**INSTRUCTIONS TO FOLLOW:**
Exclude the pictures, then repeat the remaining data exactly.

**GIVEN MATERIAL:**

== Segment start ==

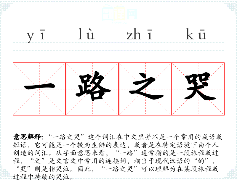 “一路之哭”这个词汇在中文里并不是一个常用的成语或短语,它可能是一个较为生僻的表达,或者是在特定语境下由个人创造的词汇。从字面意思来看,“一路”通常指的是一段旅程或过程,“之”是文言文中常用的连接词,相当于现代汉语的“的”,“哭”则是指哭泣。因此,“一路之哭”可以理解为在某段旅程或过程中持续的哭泣。
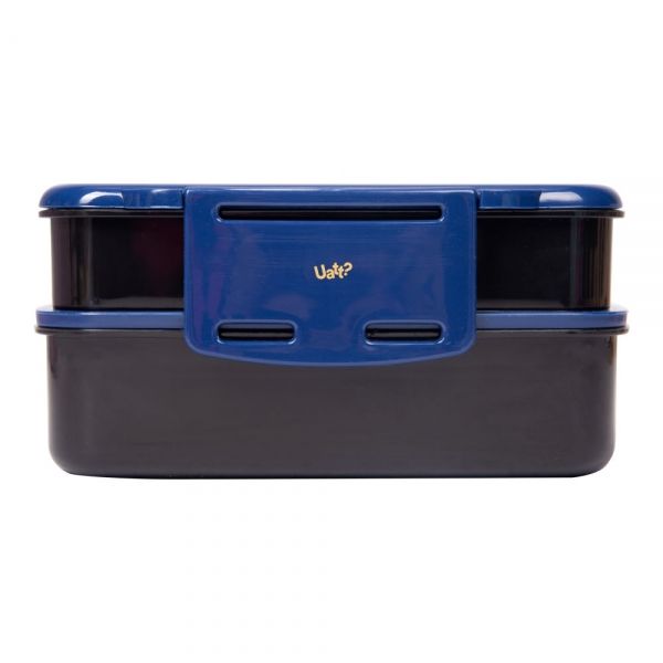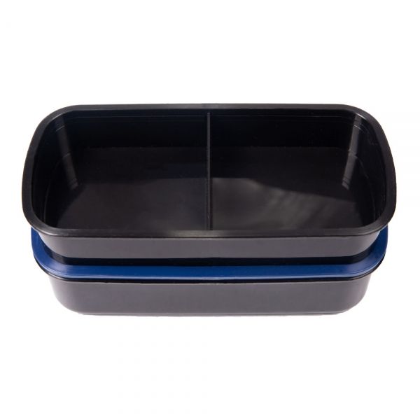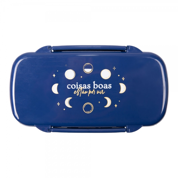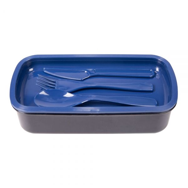 Contém: 1 Tampa com travas laterais, 1 colher, 1 faca e 1 garfo, 1 divisória removível, 2 potes.
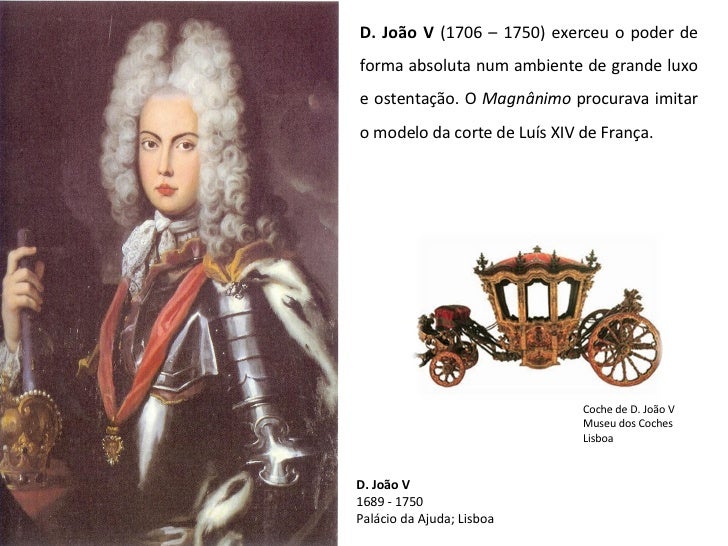 12. 12. D. João V 1689 - 1750 Palácio da Ajuda; Lisboa D. João V (1706 – 1750) exerceu o poder de forma absoluta num ambiente de grande luxo e ostentação. O Magnânimo procurava imitar o modelo da corte de Luís XIV de França. Coche de D. João V Museu dos Coches Lisboa

== Segment end ==

**EXPECTED OUTPUT:**
 “一路之哭”这个词汇在中文里并不是一个常用的成语或短语,它可能是一个较为生僻的表达,或者是在特定语境下由个人创造的词汇。从字面意思来看,“一路”通常指的是一段旅程或过程,“之”是文言文中常用的连接词,相当于现代汉语的“的”,“哭”则是指哭泣。因此,“一路之哭”可以理解为在某段旅程或过程中持续的哭泣。
 Contém: 1 Tampa com travas laterais, 1 colher, 1 faca e 1 garfo, 1 divisória removível, 2 potes.
 12. 12. D. João V 1689 - 1750 Palácio da Ajuda; Lisboa D. João V (1706 – 1750) exerceu o poder de forma absoluta num ambiente de grande luxo e ostentação. O Magnânimo procurava imitar o modelo da corte de Luís XIV de França. Coche de D. João V Museu dos Coches Lisboa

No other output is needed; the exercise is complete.